The data breach reporting regulations require an organization to submit a written report to the OPC that includes:
- a description of the circumstances of the breach and, if known, its cause
- the day or period during which the breach occurred or, if neither is known, the approximate period
- a description of the personal information that is the subject of the breach (to the extent known)
- the number of individuals affected by the breach if known (or approximate number)
- a description of the steps taken to reduce the risk of harm to affected individuals or to mitigate that harm
- a description of the steps that the organization has taken or intends to take to notify affected individuals
- the name and contract information of a person who can answer, on behalf of the organization, the Commissioner’s questions about the breach.
Very similar information must be provided in the organization’s notification to affected individuals other than the cause of the breach and the number of affected individuals.
While some breach notification laws require providing updated information to the regulator as it becomes known, Canada’s regulations state that an organization “may” submit to the Commissioner any new information about the breach that comes to light after the initial report.
Notification to individuals must be “conspicuous,” given as soon as feasible after the organization determines that the breach has occurred, and generally must be given directly to the affected individuals. Indirect notification must be given where:
- direct notification would be likely to cause further harm to the affected individual
- direct notification would be likely to cause undue hardship for the organization or
- the organization does not have contact information for the affected individual.

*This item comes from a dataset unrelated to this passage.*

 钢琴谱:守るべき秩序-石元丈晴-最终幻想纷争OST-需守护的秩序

It remains to be seen what circumstances will be accepted as giving rise to “undue hardship” for an organization in providing direct notification, and whether the cost of providing direct notification will be considered a valid basis for an organization to opt for indirect notification.

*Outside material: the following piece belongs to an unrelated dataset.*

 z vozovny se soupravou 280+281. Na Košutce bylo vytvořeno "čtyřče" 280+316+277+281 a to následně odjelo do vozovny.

Indirect notification must be given by “public communication” (like substitute notice in the United States) or a similar method that could reasonably be expected to reach the affected individuals.
PIPEDA’s security breach provisions also require an organization to keep a record of every breach of security safeguards as stipulated in the regulations, whether or not notice is required, This means that records must be kept of all breaches, whether there is a real risk of significant harm or not.
The regulations require an organization’s breach records to contain any information that enables the Commissioner to verify compliance with the reporting and notification obligations. While this wording may be seen as lacking in direction, it does provide helpful flexibility and allows an organization’s management to exercise their own good judgement in determining how best to document security breaches. OPC Guidance documents indicate that the OPC will expect, at minimum, that an organization’s internal breach records include:
- date or estimated date of the breach
- general description of the circumstances of the breach
- nature of information involved in the breach
- whether or not the breach was reported to the OPC and
- whether individuals were notified.
It would be prudent for organizations to also include in their records an analysis of whether the risk threshold of a “real risk of significant harm” was considered to be met and the reasoning behind the organization’s conclusion on this point.
Breach records must be retained for at least 24 months, running from the day on which the organization determines that the breach has occurred.
In addition to the potential reputational risk involved in failing to report/notify when required to do so under PIPEDA, organizations that knowingly violate the breach notification requirements may face fines of up to CA$100,000 per violation.
Class actions for information security and other privacy breaches are becoming more prevalent in Canada, and the mandatory breach reporting obligations will likely lead to increased class actions in response to breaches.
Pro-active steps for organizations
Organizations that take pro-active steps now will be much better equipped to respond effectively and efficiently in the event of an information security breach. Such steps may include, for example, developing or revising your organization’s security breach response plan; appropriate staff training; and conducting one or more data breach tabletop exercises.